Книга: Белый пудель. Лучшие повести и рассказы о животных (сборник)
Назад: Как слон спас хозяина от тигра
Дальше: Мангуста

Как я ловил человечков

Когда я был маленький, меня отвезли жить к бабушке. У бабушки над столом была полка. А на полке пароходик. Я такого никогда не видал. Он был совсем настоящий, только маленький. У него была труба: желтая и на ней два черных пояса. И две мачты. А от мачт шли к бортам веревочные лесенки. На корме стояла будочка, как домик. Полированная, с окошечками и дверкой. А уж совсем на корме – медное рулевое колесо. Снизу под кормой – руль. И блестел перед рулем винт, как медная розочка. На носу два якоря. Ах, какие замечательные! Если б хоть один у меня такой был!
Я сразу запросил у бабушки, чтоб поиграть пароходиком. Бабушка мне все позволяла. А тут вдруг нахмурилась:
– Вот это уж не проси. Не то играть – трогать не смей. Никогда! Это для меня дорогая память.
Я видел, что, если и заплакать, – не поможет.
А пароходик важно стоял на полке на лакированных подставках. Я глаз от него не мог оторвать. А бабушка:
– Дай честное слово, что не прикоснешься. А то лучше спрячу-ка от греха. – И пошла к полке.
Я чуть не заплакал и крикнул всем голосом:
– Честное-расчестное, бабушка. – И схватил бабушку за юбку. Бабушка не убрала пароходика.
Я все смотрел на пароходик. Влезал на стул, чтоб лучше видеть. И все больше и больше он мне казался настоящим. И непременно должна дверца в будочке отворяться. И, наверно, в нем живут человечки. Маленькие, как раз по росту пароходика. Выходило, что они должны быть чуть ниже спички. Я стал ждать, не поглядит ли кто из них в окошечко. Наверно, подглядывают. А когда дома никого нет, выходят на палубу. Лазят, наверно, по лестничкам на мачты.
А чуть шум – как мыши: юрк в каюту. Вниз – и притаятся. Я долго глядел, когда был в комнате один. Никто не выглянул. Я спрятался за дверь и глядел в щелку. А они хитрые, человечки проклятые, знают, что я подглядываю. Ага! Они ночью работают, когда никто их спугнуть не может. Хитрые.
Я стал быстро-быстро глотать чай. И запросился спать.
Бабушка говорит:
– Что это? То тебя силком в кровать не загонишь, а тут в этакую рань и спать просишься.
И вот, когда улеглись, бабушка погасила свет. И не видно пароходика.
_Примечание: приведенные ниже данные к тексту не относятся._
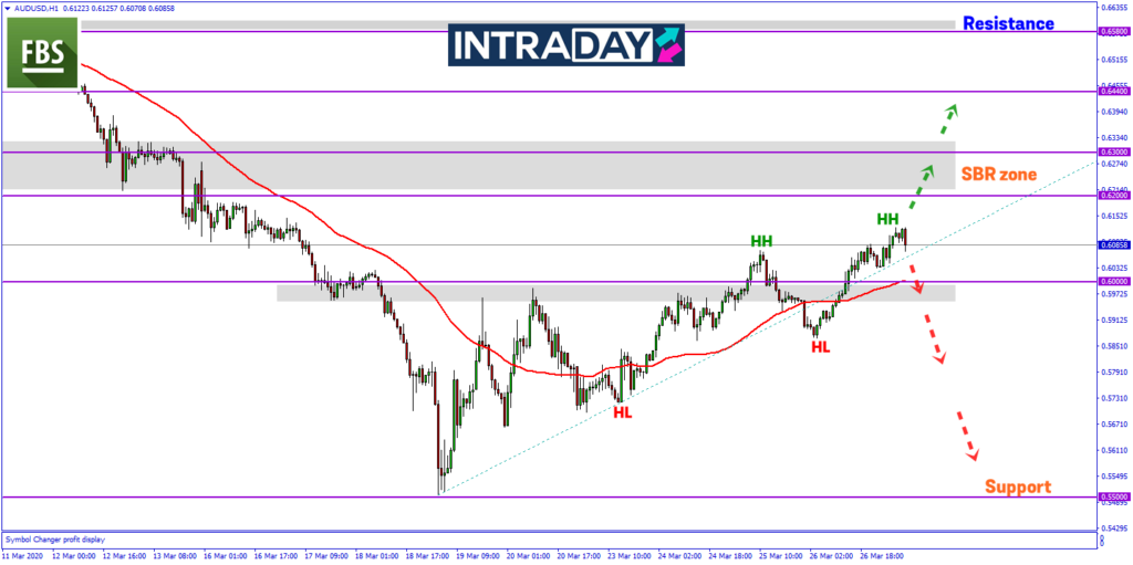 US dolar yang berterusan lemah dilihat akan mendorong kenaikan harga menuju paras 0.6300 menguji zon SBR (support become resistance) tersebut.
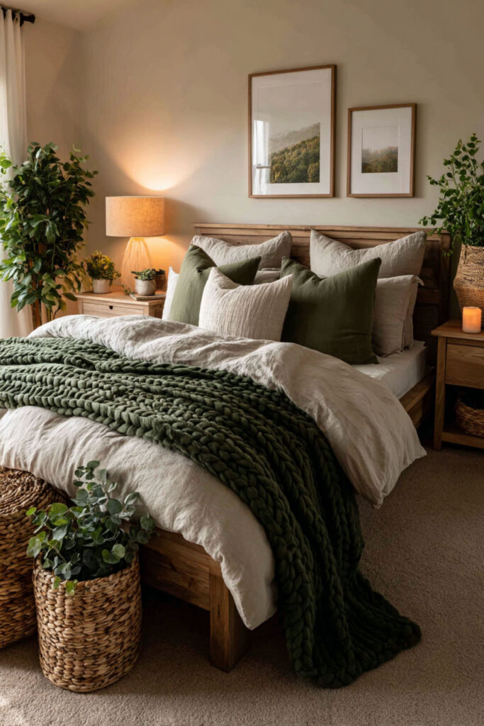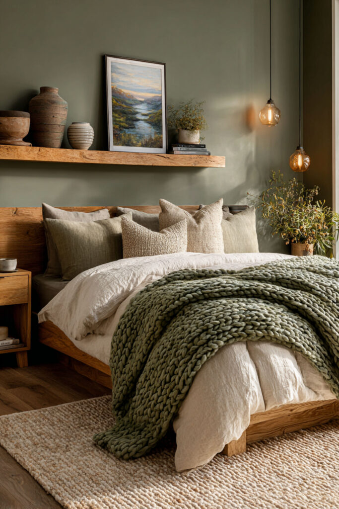 An earthy bedroom and organic modern bedroom in the green family blend natural materials with clean, contemporary lines. I recommend warm oak furniture, a low-profile linen bed, matte ceramic lamps, and sage or olive green on the walls for a room that feels modern but warm. Cozy earthy bedroom and cozy neutral bedroom approaches that include green as the grounding color create rooms that are both minimal and emotionally rich. Subtle texture bedroom details — a nubby linen throw, a handwoven rug, a ceramic vase with dried eucalyptus — bring tactile warmth that a screen can’t replicate.
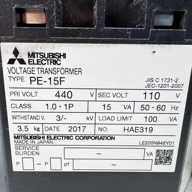 【商品情報】 メーカー:三菱電機 商品名:計器用変圧器 型番:PE-15F 数量:1箱2個入り
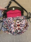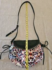Juicy Couture bag lips print white black pink with faux leather and fabric body of the purse Crossbody with nice bow details gold Hardware. Color may vary from pictures. Measurements are approximate as seen in pictures. International shipping could have extra taxes and or fees. Please let me know if you have any questions.
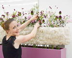 Martina Frei ist eine zarte, eher kleine Person, ihre floristischen Gestaltungen jedoch sind meist großzügig dimensioniert und entsprechend imposant. Hier mag die Erklärung liegen, weshalb sie sich lieber mit horizontal denn mit vertikal ausgerichteten Werkstücken auseinandersetzt. Dann ist die Chance höher, dass sie noch drüber blicken kann. Es gibt weitere Gründe.

Я ворочался нарочно, так что кровать скрипела.
Бабушка:
– Чего ты все ворочаешься?
– А я без света спать боюсь. Дома всегда ночник зажигают. – Это я наврал: дома ночью темно наглухо.
Бабушка ругалась, однако встала. Долго ковырялась и устроила ночник. Он плохо горел. Но все же было видно, как блестел пароходик на полке.
Я закрылся одеялом с головой, сделал себе домик и маленькую дырочку. И из дырочки глядел не шевелясь. Скоро я так присмотрелся, что на пароходике мне все стало отлично видно. Я долго глядел. В комнате было совсем тихо. Только часы тикали. Вдруг что-то тихонько зашуршало. Я насторожился – шорох этот на пароходике. И вот будто дверка приоткрылась. У меня дыхание сперло. Я чуть двинулся вперед. Проклятая кровать скрипнула. Я спугнул человечка!
Теперь уж нечего было ждать, и я заснул. Я с горя заснул.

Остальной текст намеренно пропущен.